I took his words to heart. I really wanted to write, the only trouble was, I had no idea what to write about. Someone gave me this advice:
write the kind of book you want to read
I moved to Pittsburgh and instead of writing, I attempted to balance traveling back and forth to Michigan to do what I could for my dying mother, all while trying to forge a new married life, make friends in a new city, find a job to pay the bills that were piling up...try to make my way in this world creatively, some how. I did none of it well. My mother died. I realized I married the wrong person. I had no local friends of my own. Whatever success I had in New York City wasn't translating over in Pittsburgh. My only sibling and I weren't speaking to each other, but I'd started working at an auction house. The workload was stiff, the pay was minimal, but the world was fascinating and the people were characters. The story I wanted to read started bubbling in a pot on the back burner of my mind, but it didn't have all the ingredients yet. It simmered there for many years while everything in my life came to a head, which can best be summed up with this Charlotte Bronte quote from a letter she wrote to a confidant back in March 1845 (two years before she wrote Jane Eyre):
"I shall soon be 30 and I have done nothing yet."

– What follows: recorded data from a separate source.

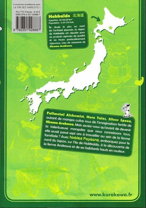 Fullmetal Alchemist, Hero Tales, Silver Spoon, autant de mangas cultes issus de l'imagination fertile de Hiromu Arakawa. Mais saviez-vous qu'avant de devenir la talentueuse mangaka que nous connaissons tous, elle avait passé sept ans à travailler au sein de la ferme familiale ? Avec Nobles Paysans, embarquez pour le nord du Japon, sur l'île de Hokkaïdo, à la découverte de la ferme Arakawa et de ses habitants hauts en couleur.
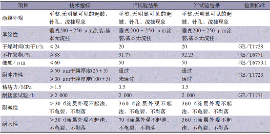 將表1成分1組成中的溶劑、助劑投入配漆杯中攪拌均勻,然后投入樹脂、顏料、填料,攪拌均勻,用砂磨機分散。試驗結果如表2所示,試驗表明1#、2#試驗配方產品生產工藝能夠保障生產無障礙。
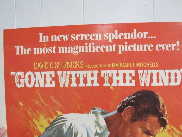 MOVIE POSTER ON CARDBOARD 28" X 20" GONE WITH THE WIND REPRODUCTION
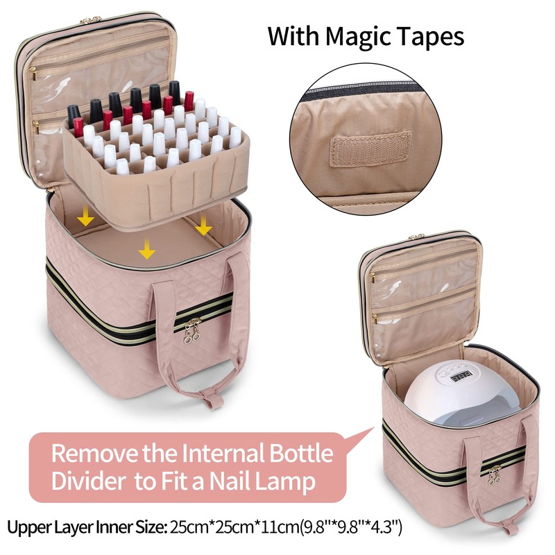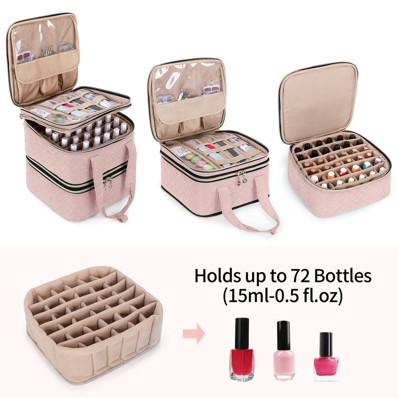 Yarwo YARWO Nail Polish Organizer Case Holds 72 Bottles (15ml/0.5 fl.oz), Detachable 3 Layers Nail Polish Storage Bag with Removable dividers for Nail Lamp and Nail Art Manicure Tools, Dusty Rose (Bag Only)
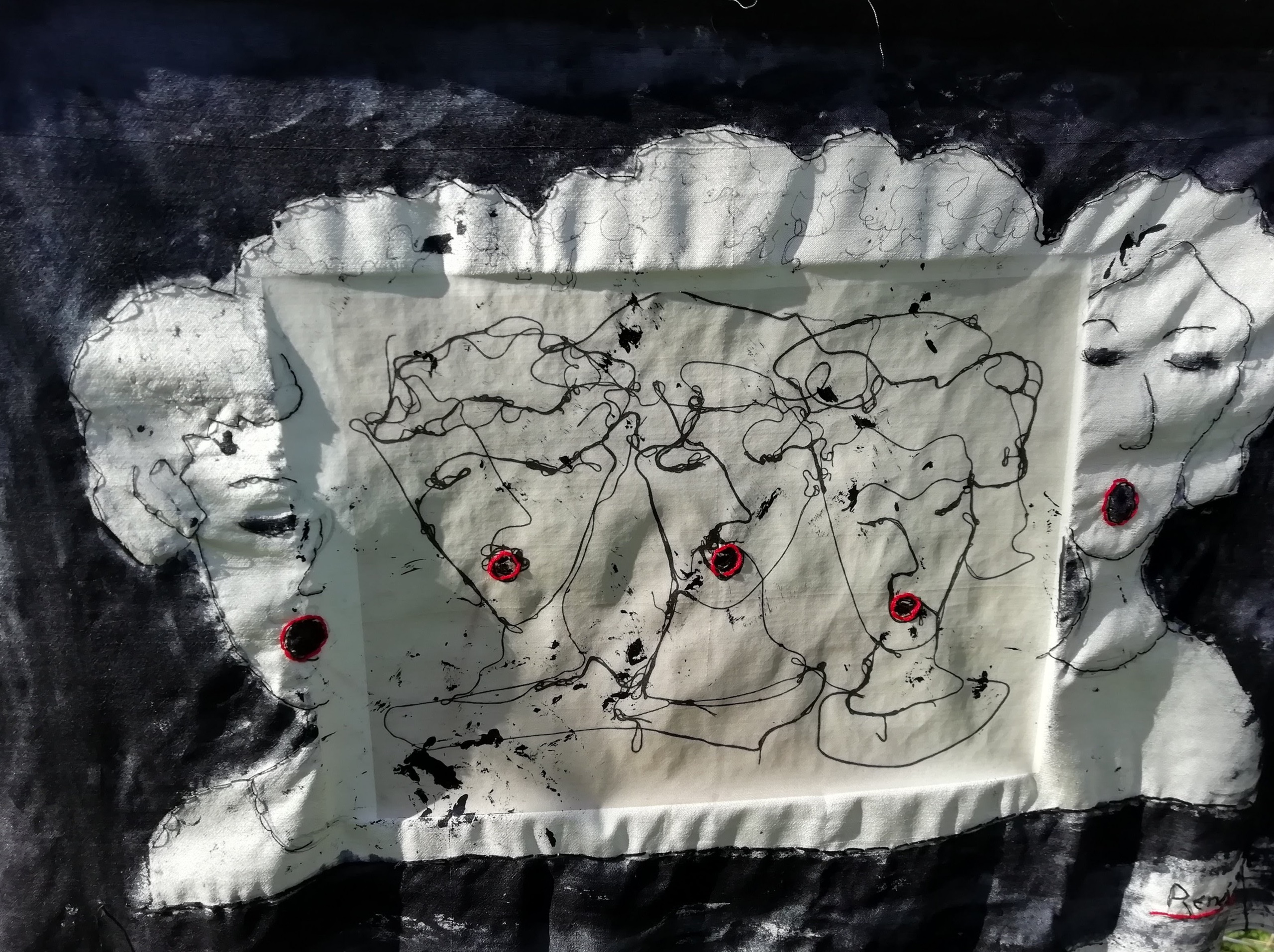 in de serie Zingen transfer (van een foto van een "draadfiguur"), textielverf en borduurwerk op zijde, dit is de achterkant. Deze vormt de basis voor mijn andere werk Connected
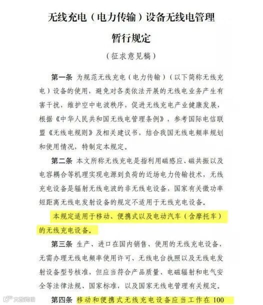 行业人士指出,此次工信部文出台征求意见稿,意味着无线充电技术使用的安全性在国内有了
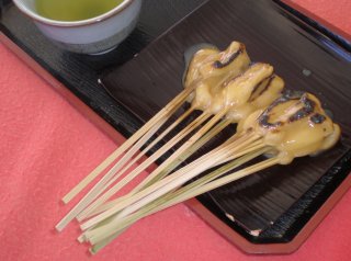 境内にある甘味処のあぶり餅が有名らしく、甘い味噌だれがかかった小さなお餅は12ヶで630円。焼きたてをいただくことができます。
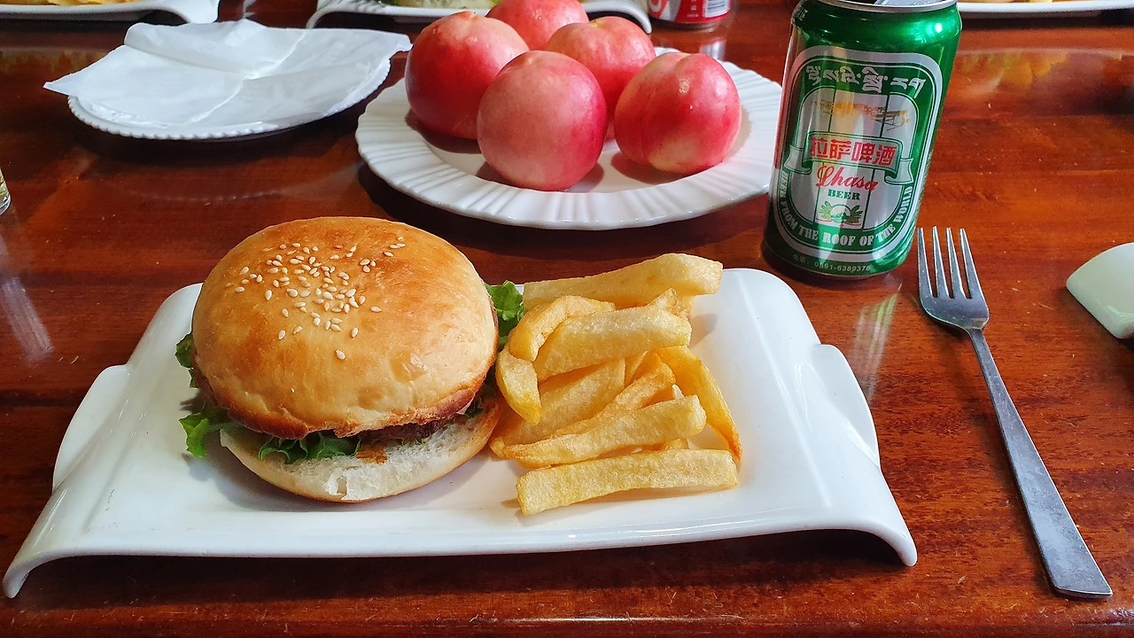 티벳 맥주와 야크 버거그 유명한 야크 버거도 먹었는데 고기를 못 먹어서 아쉬웠다. 하지만 감자칩은 무척 맛있었다.
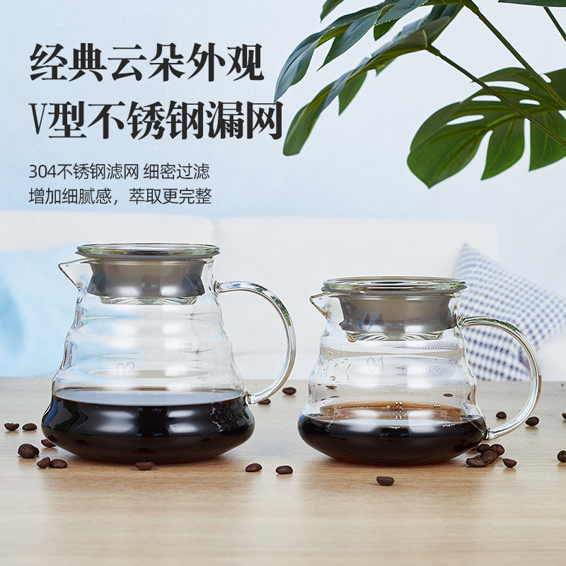 手沖コーヒーポットガラス雲コーヒー手沖共有ポット耐熱ガラス家庭用ステンレスフィルターコーヒーポット
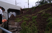 Telah terjadi longsor di jalan Parimeter Selatan, Bandara Soekarno Hatta, Tanggerang, Banten, Senin (5/2).
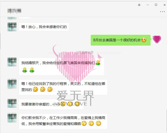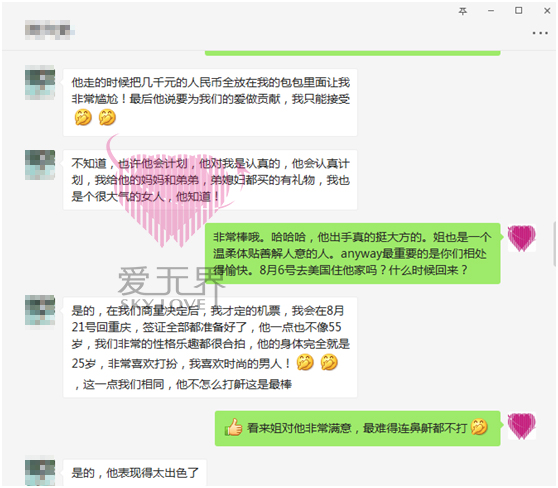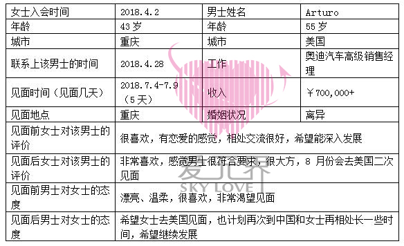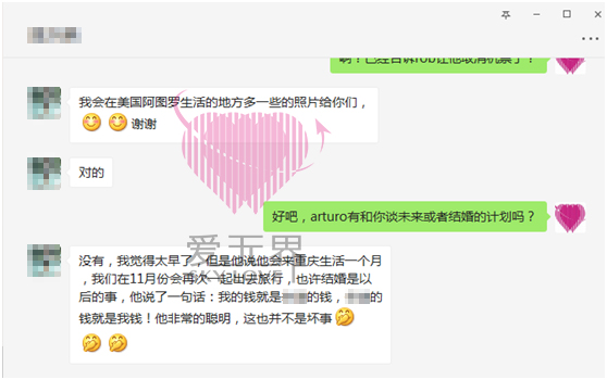 Cindy很激动、兴奋的跟教练分享着:"每天在与Arturo的聊天中,我都有谈恋爱的感觉。无论Arturo工作有多忙,都会及时回复我的信息,就算忘记带手机也会马上发邮件给我,因为他害怕我担心,害怕我胡思乱想,还会立刻新注册一个微信号方便我们聊天,哈哈!!!他5月中旬便订好了7月初来重庆的机票,他告诉我想真实的见到我,能触摸到我的脸,想拥抱我,想和我呆在一起,以此减少对我朝丝暮想的情丝!(*^__^*)嘻嘻……他很贴心的订好了我家附近的酒店,尽量争取我们能够多一些在一起的时间。本来打算我去接机的,可是Arturo拒绝了,他说想以最佳的状态来见我,所以他自行前往酒店梳妆打扮好再见面,哈哈……不过见到他的真人真的非常帅气,精致时尚,一点都不像55岁的人。跟他相处的这几天,感觉每天都沐浴在爱河,无论性格、外形、生活习惯上都非常合适。临别前,Arturo还送了一个印有我们照片的抱枕,还要我每天都抱着睡觉。我一切都是按照你教我的,我能感觉到Arturo非常的感动。他还把他接下来的计划都跟我说了,要我8月份飞到美国游玩,看看他的生活环境,11月份会跟我再去其他地方度假。Arturo还把花剩的几千块钱人民币全部塞给我说要给我花,我坚持不收,可是他嘟起嘴不开心了,他说这代表着他对我们爱情的一个承诺,哈哈……他真的既可爱又很真诚。"
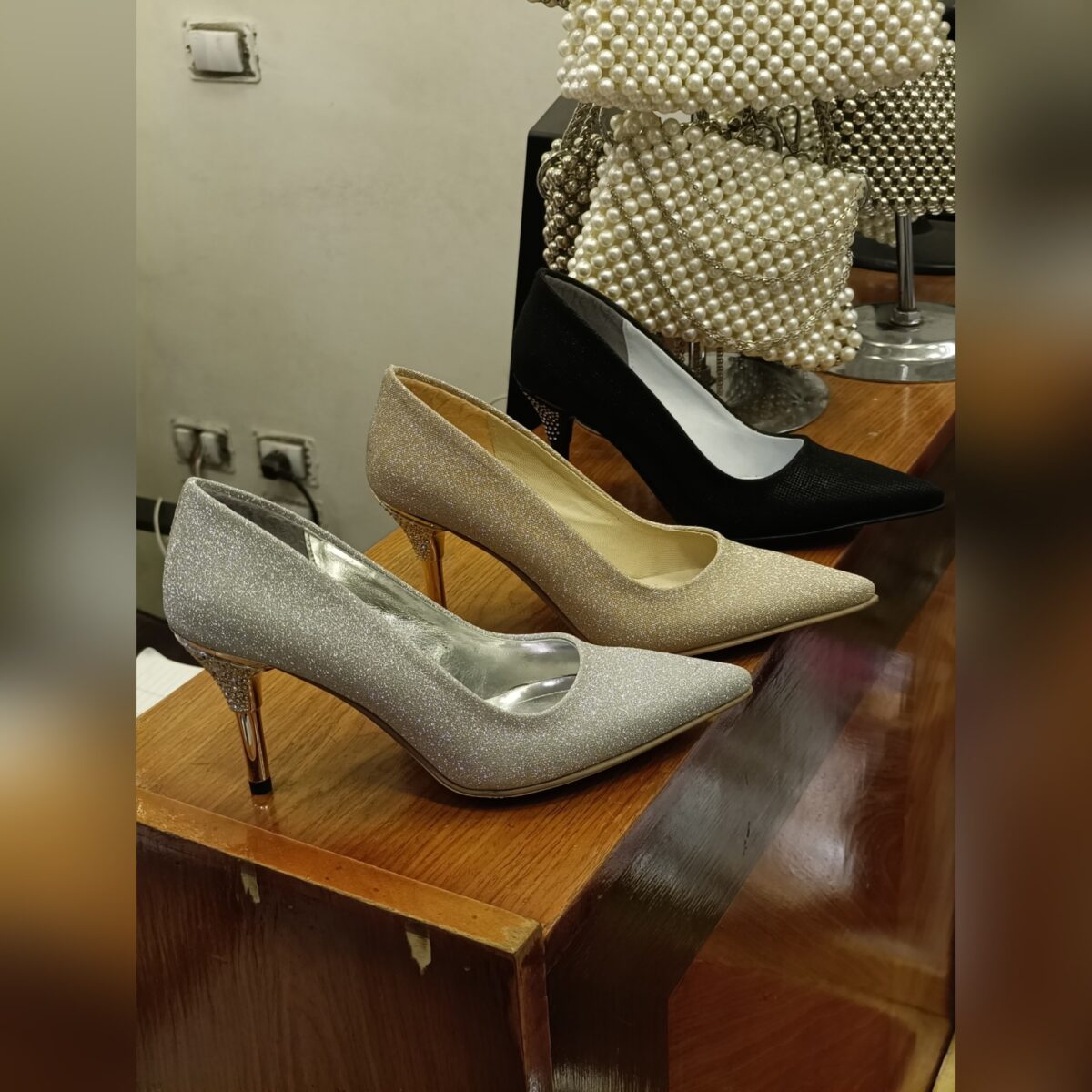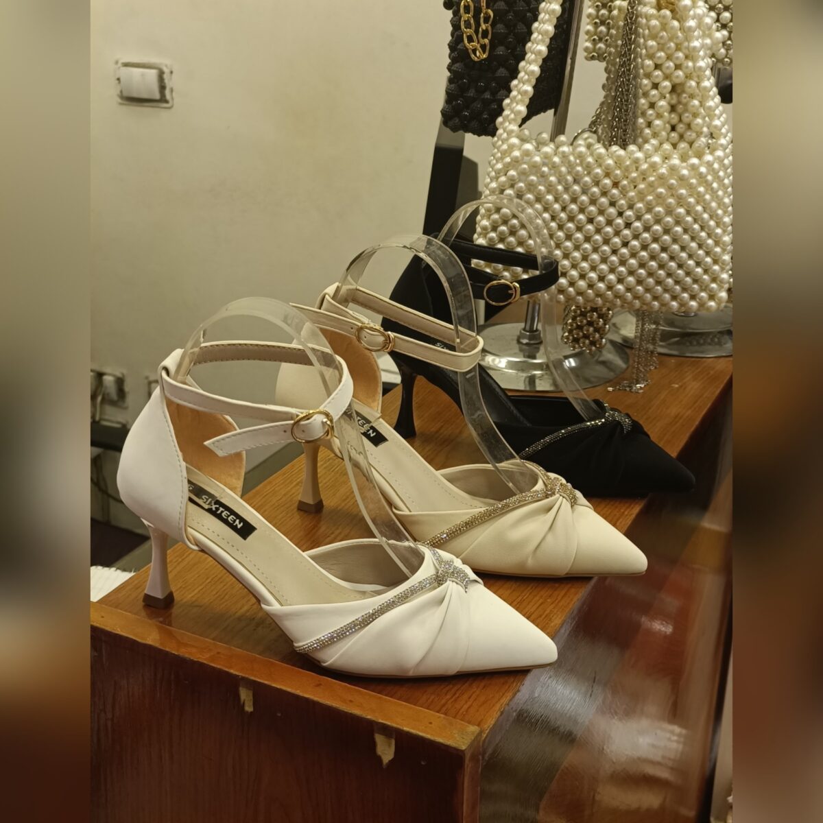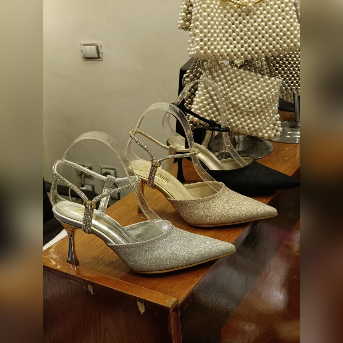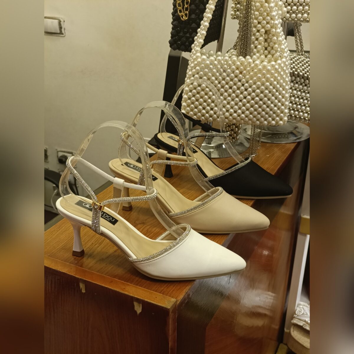 • أحذية كعب عالي مزينة بالكريستالات أو الدانتيل.
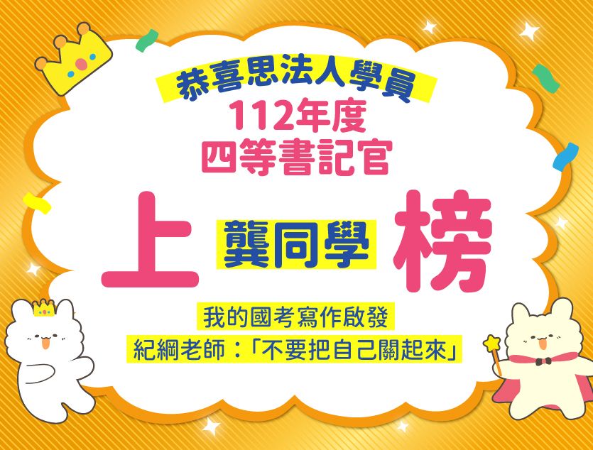 我從大三開始讀法律,大四下學期( 2022 年 2 月 )開始補思法人,由於那時候還沒有確定要考律師司法官或書記官,只是想要考法研所而已,所以就先買刑事法以及民法而已。而在買課程之前,其實也已經在網路上先看過紀綱老師的影片了,第一次看老師的影片就被老師的魅力及邏輯能力深深吸引,因此才決定買思法人。
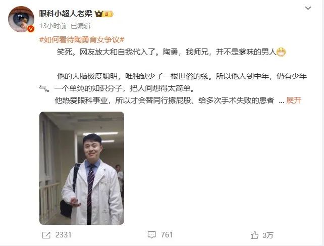 12月24日深夜,擁有超330萬粉絲的醫(yī)生大V“眼科小超人老梁”發(fā)長文力挺陶勇,稱他是自己的師兄,并不是爹味的男人。文中提到:
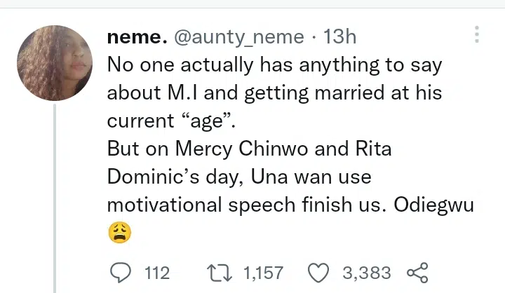 “No one actually has anything to say about M.I and getting married at his current “age”. But on Mercy Chinwo and Rita Dominic’s day, Una wan use motivational speech finish us. Odiegwu”. She wrote on Twitter.

At age 29, I turned my life upside down, like one might do to a junk drawer. A divorce. A bunch of debt. For awhile I had nothing but for a very faint and distant hope for a better future. I clung to that and very slowly I began to fill the drawer back up, but only with stuff that was important. A new lover. A new job. New friends. A few matchbooks. Writing. After a while, I was able to breathe and think about writing again. I moved the simmering pot from the back burner, back up to the front and scratched my head. I surmised, adding a little of this and a little of that would make the story more interesting, but still it needed a twist that would drive a stake right through the reader's heart. I hemmed and hawed, discussed other possibilities with a close literary friend of mine. Then the final ingredient for that simmering story fell in my lap one night. I was about to fall asleep next to my lover when the sandman delivered a brown paper package all tied up with string. It bounced up and smacked me wide awake. After nearly ten years of thinking about writing, I finally had all the story pieces and courage to do something about it. The next day I started writing. I don't know the exact day, but it was late fall and the year was 2012. I haven't stopped writing since.
When did you start writing? Did you always know you wanted to write? Or did it sneak up on you later on? Do you have a story simmering on the back burner? Do you think a writer needs a certain amount of life experience to write and write well?